Erano numerosi i commercianti, i negozianti e i protagonisti del business della Capitale che nei giorni scorsi si sono trovati a piazza di Spagna per prendere una posizione pubblica e pacifica nei confronti del governo che sta guidando la fase 2 dell’epidemia da Coronavirus. Una sorta di “occupazione” della celebre scalinata, che è diventata l’immagine simbolo delle problematiche del settore.

“Senza aiuti da parte del governo, il 18 maggio non potremo riaprire”, si leggeva sui manifesti esposti dai partecipanti al presidio che ha percorso la scalinata di Trinità dei Monti: “E migliaia di dipendenti sono a rischio – hanno aggiunto i protagonisti dell’economia del Tridente, la zona a più alto valore aggiunto e internazionalizzazione di Roma, con valori di affitto da 6mila euro al metro quadrato per via del Corso, 6.500 euro per piazza di Spagna e oltre 11.500 euro per via dei Condotti. Importi ovviamente relativi al mercato pre-Covid e di cui oggi è purtroppo impossibile stimare una riconferma.

“I commercianti stanno cercando di mostrare a tutti che il governo non è abbastanza vicino. Parliamo della spina produttiva delle città, persone e imprenditori che investono milioni e milioni di euro e soprattutto tempo ed energie per costruire una città sempre migliore ed è giusto che l’esecutivo faccia un passo verso di loro – spiega Raffaele Rubin, founder di Josas Immobiliare. “Sono diversi i temi da far emergere: dalla cassa integrazione ancora non arrivata ai dipendenti, ai contributi insufficienti – se non quando inesistenti – sugli affitti dei locali commerciali; per non parlare della grande difficoltà di ottenere i prestiti garantiti dallo Stato. Purtroppo con questi presupposti e senza garanzie di sostegno il 18 maggio molti commercianti non apriranno le serrande delle loro attività – continua Rubin.

“Il primo punto urgente su cui insistiamo è la decontribuzione totale per quanto riguarda i nostri dipendenti, i quali sono il nostro patrimonio. Abbiamo costruito aziende solide e forti ma se lo Stato non ci aiuta su questo punto saremo costretti a licenziare – spiega Daniele Raccah, amministratore delegato e fondatore di Dan John, capofila dell’appuntamento in piazza.

“Piuttosto che cassa integrazione o reddito di cittadinanza sarà meglio finanziare le imprese, questo farà circolare davvero tutto il sistema produttivo.
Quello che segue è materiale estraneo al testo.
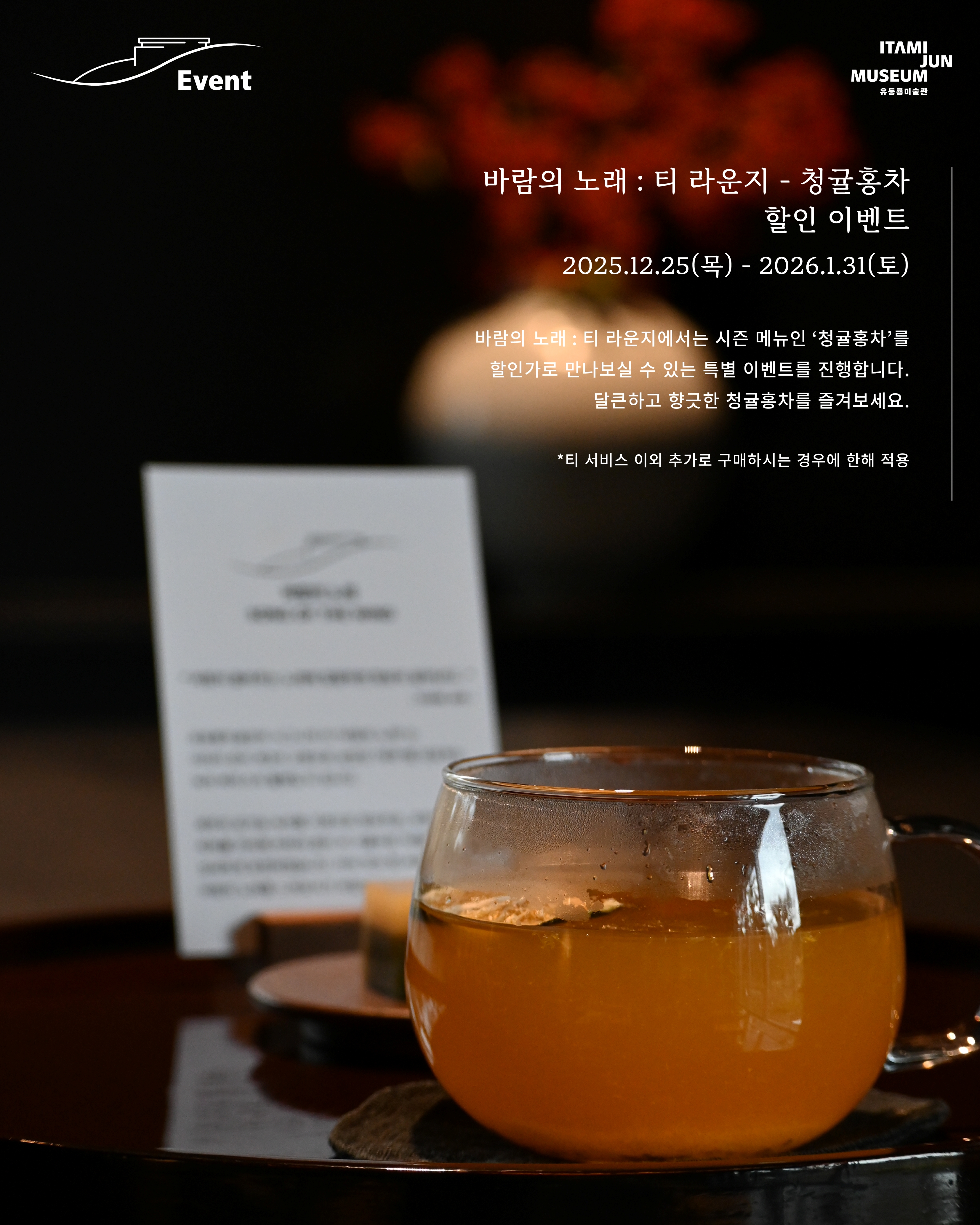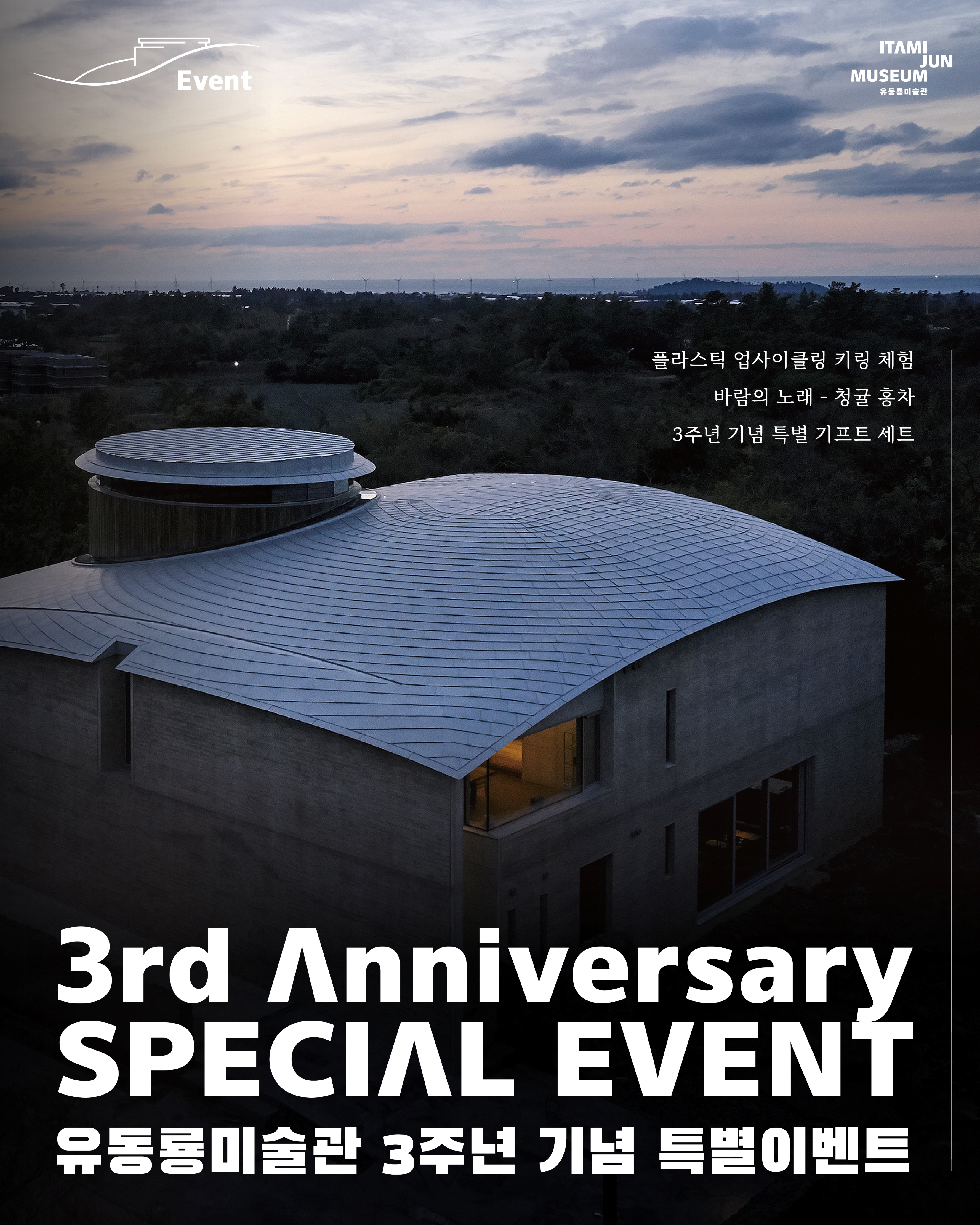 많은 분들의 애정과 관심으로 유동룡미술관이 개관 3주년을 맞이했습니다! 지난 한 해에도 미술관을 찾아주신 모든 분들께 진심으로 감사드리며, 3주년 기념 특별 이벤트를 진행합니다! 1월 말까지 한 달간, 체험 프로그램부터 할인 이벤트까지, 다양한 이벤트를 진행하오니 많은 관심과 참여 부탁드립니다. 1. 플라스틱 업사이클링 키링 체험 2026.1.3(토)~1.4(일) 유동룡미술관의 ‘업사이클링 프로젝트’ 중 하나로, 버려진 플라스틱 병뚜껑을 활용해 키링으로 제작해보는 무료 체험 프로그램을 진행합니다. - 신청 방법 및 안내 *당일 관람객을 대상으로 예약 타임별 현장 선착순 신청 *30분 단위 타임별 / 한 타임당 4명까지 진행 *높은 온도의 도구를 사용하므로 체험 동의서를 작성합니다. *참여자당 1개의 키링 제작 ㅤ ㅤ 2. 바람의 노래 : 티 라운지 - 청귤홍차 할인 이벤트 2025.12.25(목) ~ 2026.1.31(토) 바람의 노래 : 티 라운지에서는 시즌 메뉴인 ‘청귤홍차’를 할인가로 만나보실 수 있는 특별 이벤트를 진행합니다. 달큰하고 향긋한 청귤홍차를 즐겨보시기 바랍니다. *티 서비스 이외 추가로 구매하시는 경우에 한해 할인가가 적용됩니다. ㅤ ㅤ 3. 뮤지엄 스토어 - 3주년 기념 기프트 세트 2025.12.25(목) ~ 2026.1.31(토) 유동룡미술관 개관 3주년 기념으로 미술관의 아트상품 기프트 세트를 할인가로 판매합니다. 다양한 상품들을 특별 할인가로 만나보세요! - 정가에서 약 40% 할인가 적용 : 170,000 원 ㅤ * 기프트 세트 상품 구성 (기프트 상자 포장) 2026 이타미 준 드로잉 캘린더/ 이타미 준 회화 우양산/ 유동룡미술관 시그니처 향 스프레이(한서형 작가)/ 이타미 준 회화 머그컵 2종/ 이타미 준 회화 마그넷 4종/ 도서 「이타미 준 나의 건축」/ 수풍석 오두제 3종 세트/ 각인 연필 3종 세트/ 이타미 준 회화 리유저블 백(대) |

Secondo, finanziamenti bancari: io conosco più di mille imprenditori in Italia e a oggi nessuno di noi ha ricevuto neanche un euro dallo Stato, nonostante ci fosse la garanzia al 90 per cento attraverso il mediocredito centrale. Ci sono degli intoppi e noi chiediamo che le procedure si sveltiscano, esigiamo reali investimenti a tasso agevolato o addirittura a tasso zero per almeno 10 anni attraverso entità statali dirette, spazzando via tutta la burocrazia e le pratiche bancarie senza fine, con moduli fatti dieci volte e buttati, ad ora zero risultati. Da ultimo, chiediamo la rimozione delle Ztl dal centro storico per dare modo agli italiani di accedere liberamente per compensare la riduzione di flusso turistico”.

Daniele Raccah

Secondo i dati elaborati da Josas, il 70 per cento delle relazioni commerciali relative alla zona di Roma centro sono attualmente congelate; per quanto riguarda il business sulle strade consolari e nelle periferie va un po’ meglio con “solo” il 30 per cento dei giri d’affari attualmente posti in lockdown, come, quanto e più delle persone fisiche. Non va meglio quanto al comparto ristorazione: “La situazione è alquanto critica – afferma Raffaele Rubin. “Prevediamo che fra luglio e agosto il 25 per cento dei ristoranti chiuderà, perché solo dopo aver tentato la riapertura, garantendo le misure organizzative di sicurezza, si renderanno conto concretamente di non poter sostenere con gli stessi costi un terzo dei coperti. Stimiamo un licenziamento del 60 per cenbto dei dipendenti del settore della ristorazione, figure professionali che nel nuovo contesto non saranno più indispensabili”.